* **Exercise description**: The records that follow are to be given again exactly. Do not carry over any image.

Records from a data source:
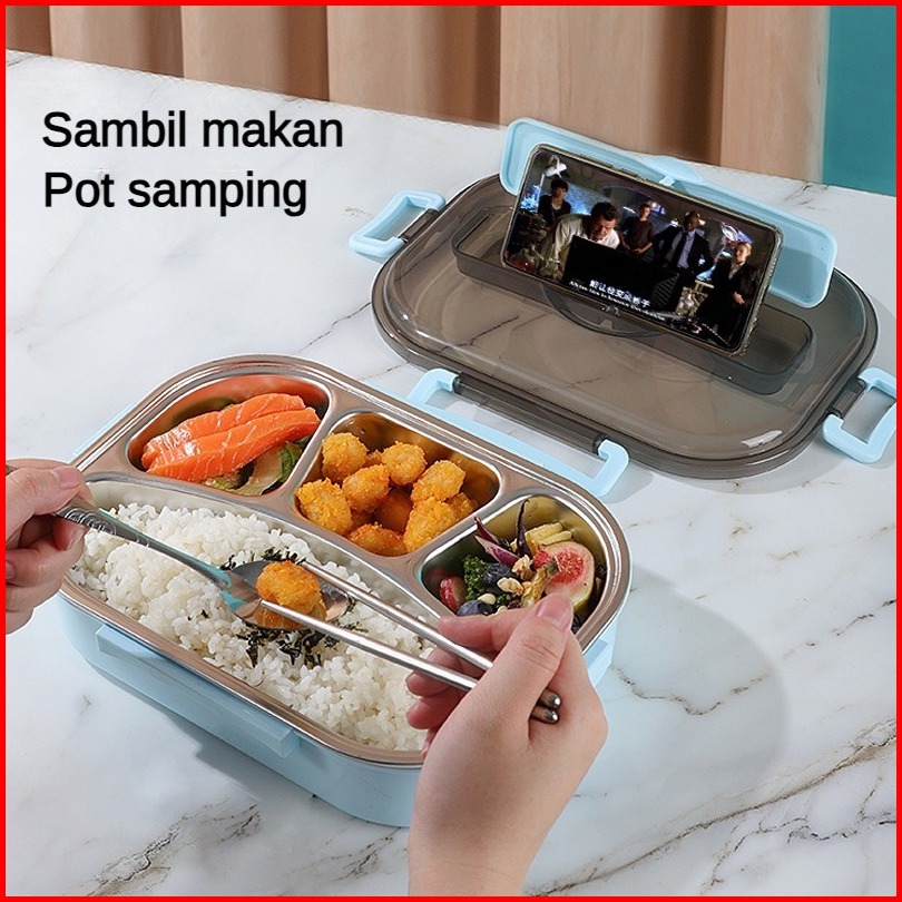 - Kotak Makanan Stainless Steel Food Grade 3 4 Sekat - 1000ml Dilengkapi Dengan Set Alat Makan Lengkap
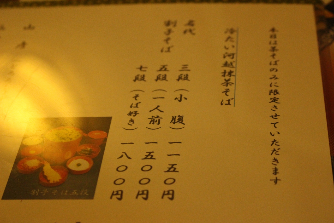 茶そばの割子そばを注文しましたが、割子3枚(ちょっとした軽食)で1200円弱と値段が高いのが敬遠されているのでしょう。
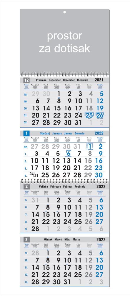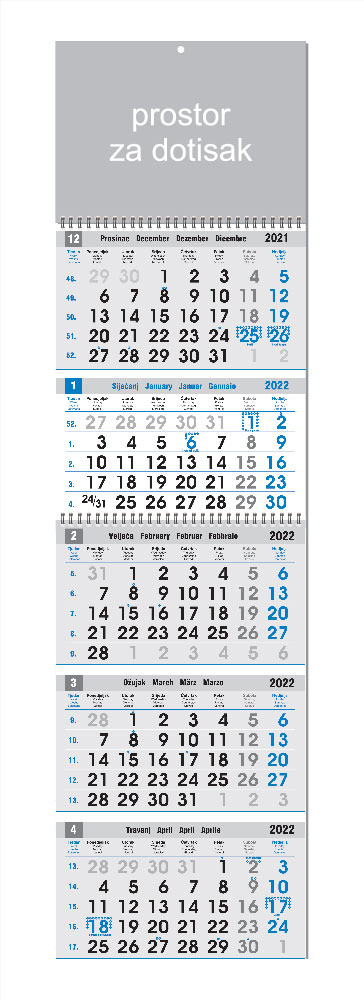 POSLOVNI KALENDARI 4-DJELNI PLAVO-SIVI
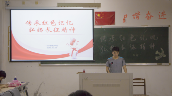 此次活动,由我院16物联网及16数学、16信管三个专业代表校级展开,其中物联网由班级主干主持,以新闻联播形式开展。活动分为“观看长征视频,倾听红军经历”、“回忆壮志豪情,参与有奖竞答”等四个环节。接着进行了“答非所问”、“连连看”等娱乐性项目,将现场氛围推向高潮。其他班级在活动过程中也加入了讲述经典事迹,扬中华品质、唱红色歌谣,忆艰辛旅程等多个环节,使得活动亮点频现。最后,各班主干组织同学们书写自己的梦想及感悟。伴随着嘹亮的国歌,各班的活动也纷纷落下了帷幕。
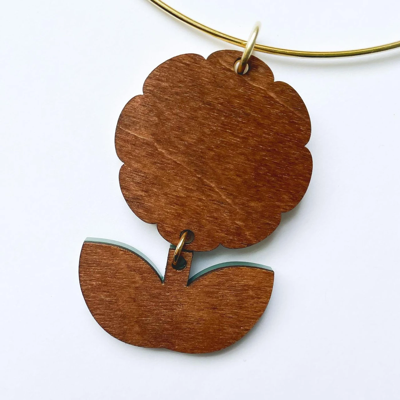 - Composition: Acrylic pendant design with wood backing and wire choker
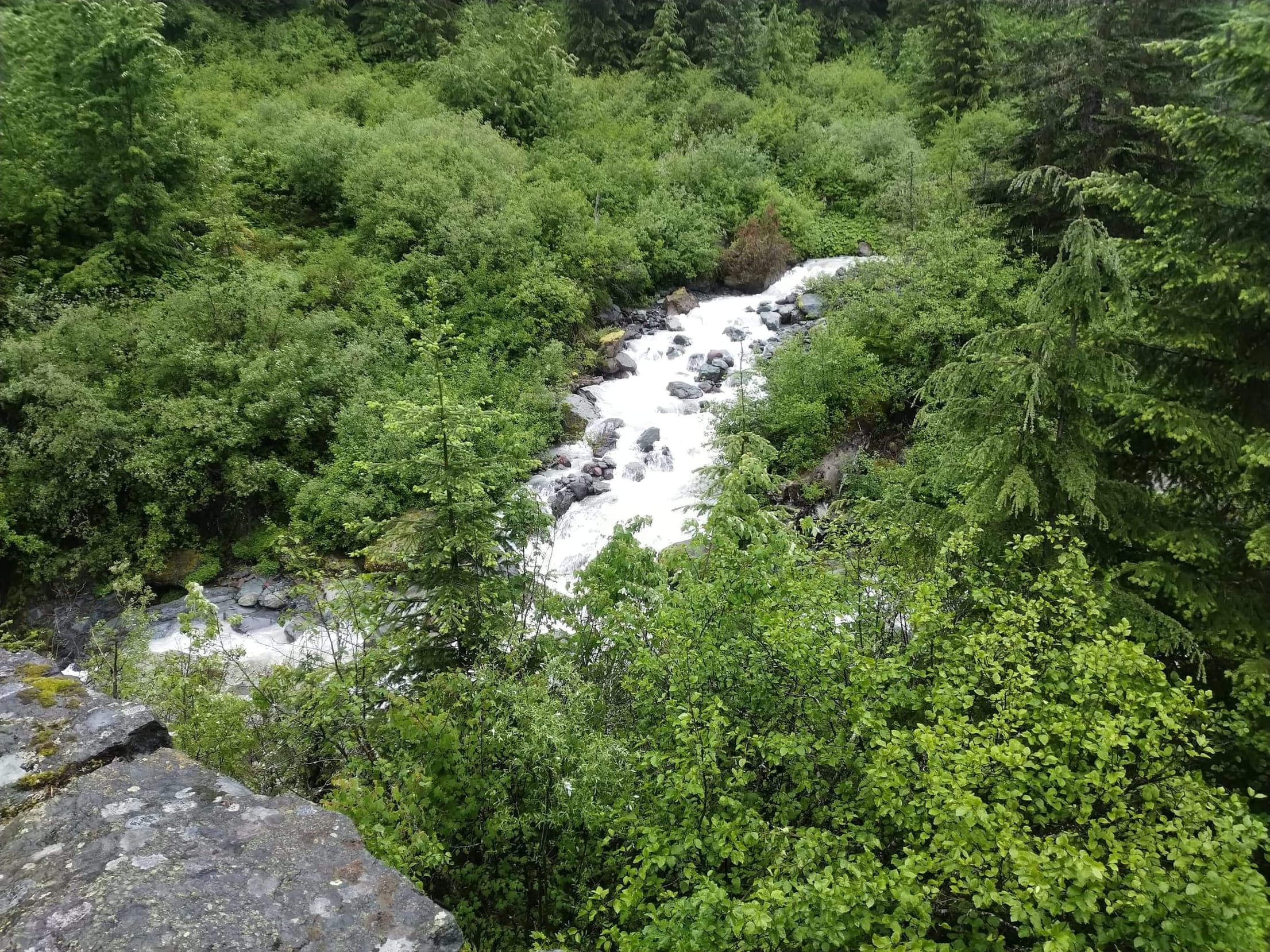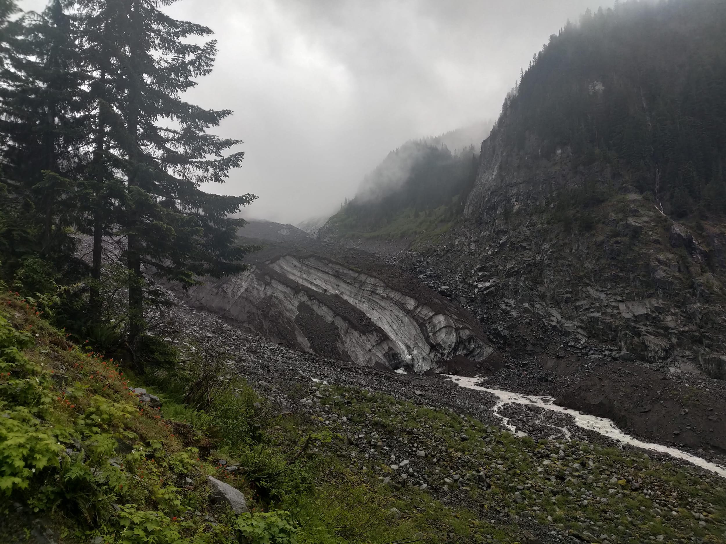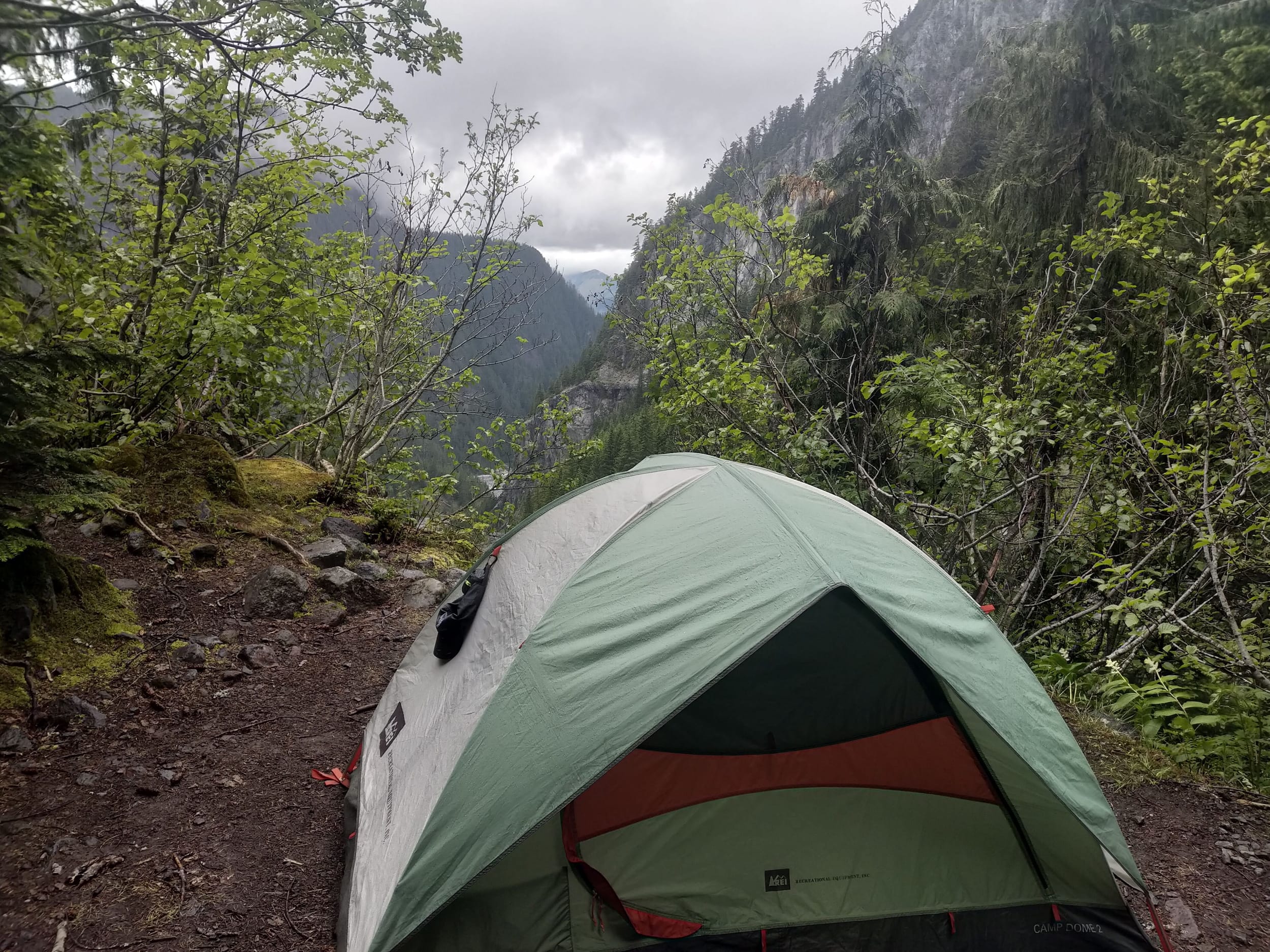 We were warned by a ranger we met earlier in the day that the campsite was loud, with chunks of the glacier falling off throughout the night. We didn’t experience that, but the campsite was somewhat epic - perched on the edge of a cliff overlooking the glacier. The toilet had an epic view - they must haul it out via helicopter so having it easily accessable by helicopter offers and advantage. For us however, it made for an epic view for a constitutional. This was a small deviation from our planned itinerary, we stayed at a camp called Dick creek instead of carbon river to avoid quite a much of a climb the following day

* **Response below**:
 - Kotak Makanan Stainless Steel Food Grade 3 4 Sekat - 1000ml Dilengkapi Dengan Set Alat Makan Lengkap
 茶そばの割子そばを注文しましたが、割子3枚(ちょっとした軽食)で1200円弱と値段が高いのが敬遠されているのでしょう。
 POSLOVNI KALENDARI 4-DJELNI PLAVO-SIVI
 此次活动,由我院16物联网及16数学、16信管三个专业代表校级展开,其中物联网由班级主干主持,以新闻联播形式开展。活动分为“观看长征视频,倾听红军经历”、“回忆壮志豪情,参与有奖竞答”等四个环节。接着进行了“答非所问”、“连连看”等娱乐性项目,将现场氛围推向高潮。其他班级在活动过程中也加入了讲述经典事迹,扬中华品质、唱红色歌谣,忆艰辛旅程等多个环节,使得活动亮点频现。最后,各班主干组织同学们书写自己的梦想及感悟。伴随着嘹亮的国歌,各班的活动也纷纷落下了帷幕。
 - Composition: Acrylic pendant design with wood backing and wire choker
 We were warned by a ranger we met earlier in the day that the campsite was loud, with chunks of the glacier falling off throughout the night. We didn’t experience that, but the campsite was somewhat epic - perched on the edge of a cliff overlooking the glacier. The toilet had an epic view - they must haul it out via helicopter so having it easily accessable by helicopter offers and advantage. For us however, it made for an epic view for a constitutional. This was a small deviation from our planned itinerary, we stayed at a camp called Dick creek instead of carbon river to avoid quite a much of a climb the following day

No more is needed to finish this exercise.